Under the new bill, anyone engaged as an agent, whether by landlord or tenant, must be duly registered under the Lagos State Real Estate Regulatory Authority (LASRERA) Law 2021 (Section 3(1)).

The bill further caps agent commissions at five per cent of one year’s rent (Section 3(4)) and criminalises dual collection, overcharging, or failure to remit funds, with penalties of up to N1 million in fines or two years’ imprisonment (Section 3(5)).

Stakeholders say the proposed reforms tackle one of Lagos’ most persistent housing problems, multi-year rent advances, where tenants are forced to pay lump sums upfront, often with hidden charges.

While some tenants have welcomed the move, others fear that monthly payments could embolden landlords to raise rents arbitrarily. Conversely, many salary earners argue that annual payments align better with their income cycles.

Speaking on the development, the Lagos State Commissioner for Housing, Moruf Akinderu-Fatai said introducing monthly or quarterly rent payment options will give residents more breathing space and reduce the stress of sourcing large lump sums for rent payments.

He disclosed that the government is engaging landlords, developers, and other stakeholders to address enforcement and payment system challenges before implementation.

Akinderu-Fatai added that the initiative is part of broader efforts to sanitise the real estate sector, curb fraudulent practices, and protect residents from unregistered agents and developers.

He further emphasised that all real estate practitioners, including agents, brokers, developers, and facility managers, must register with LASRERA or face legal consequences.

He also urged estate agents and associations such as the Estate Rent Commission Agents of Nigeria (ERCAN) to take a firm stand against quackery and arbitrary rent increases, while supporting the promotion of flexible rent payment models.

In his contribution, Principal Partner at Ismail & Partners, Gbenga Ismail, cautioned that while the proposed monthly and quarterly rent payment system may ease tenants’ burdens, it could also affect property availability across Lagos.

He warned that supply shortages could emerge, impacting the growth and stability of the rental market.

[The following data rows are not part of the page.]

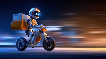 A robot is riding a motorized delivery bike while carrying packages on its back at night on a street.
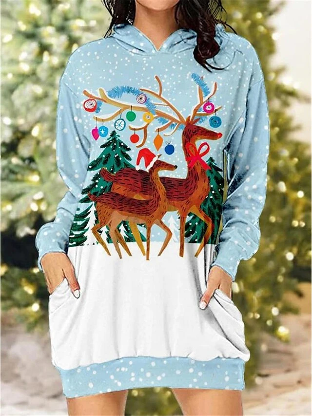 Women’s Christmas Dress Hoodie Dress Mini Dress Warm Fashion Outdoor Christmas Vacation Hoodie Pocket Print Snowman Christmas Bell Regular Fit Wine Red Blue S M L XL XXL
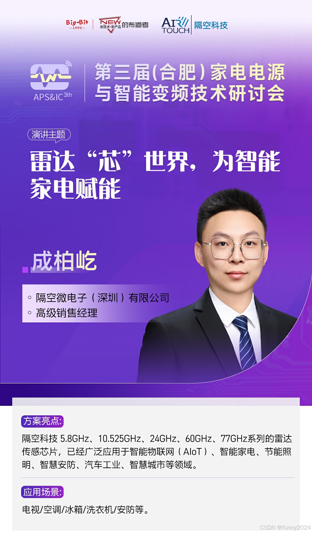 隔空科技的高级销售经理成柏屹带来《雷达“芯”世界,为智能家电赋能》演讲,多角度展示隔空科技5.8GHz、10.525GHz等一系列雷达传感芯片在智能家居场景中的应用。

According to him, the government must complement the tenancy reforms with broader housing policies, including improving access to affordable land, promoting local building materials, and supporting housing finance schemes.

Citing the Advance Rent Section of the proposed law, Ismail noted: “It shall be unlawful for a landlord or his agent to demand or receive from a sitting tenant rent in excess of three months in respect of any premises; and it shall be unlawful for a sitting tenant to offer or pay rent in excess of three months in respect of any premises.”

Brief summary of the key proposed changes in the latest tenancy-law review in Lagos State:

  • Landlords and tenants would work under a newly-drafted bill titled “A Bill for a Law to Regulate the Relationship between Landlords and Tenants in Lagos State” — already passed second reading.

  • The bill would prescribe clearer frameworks for rent payment terms (monthly vs yearly), advance rent limits, and eviction notice periods to reduce uncertainty for tenants.

  • It aims to define the roles and conduct of landlords, tenants and agents, including registration requirements for agents and transparent remittance/receipting of rents.

  • The bill also seeks to regulate eviction procedures, mandating set notice periods (e.g., six months for annual tenants) and prioritising mediation or virtual hearings for quicker dispute resolution.

  • Penalties are proposed for breaches: landlords or agents demanding excessive advance rent or abusing process may face fines and imprisonment under the draft legislation.

  • Important caveat: Although widely reported, the law has not yet been officially passed into force — the current Tenancy Law (Cap T1 of 2015) still applies until the new bill is enacted.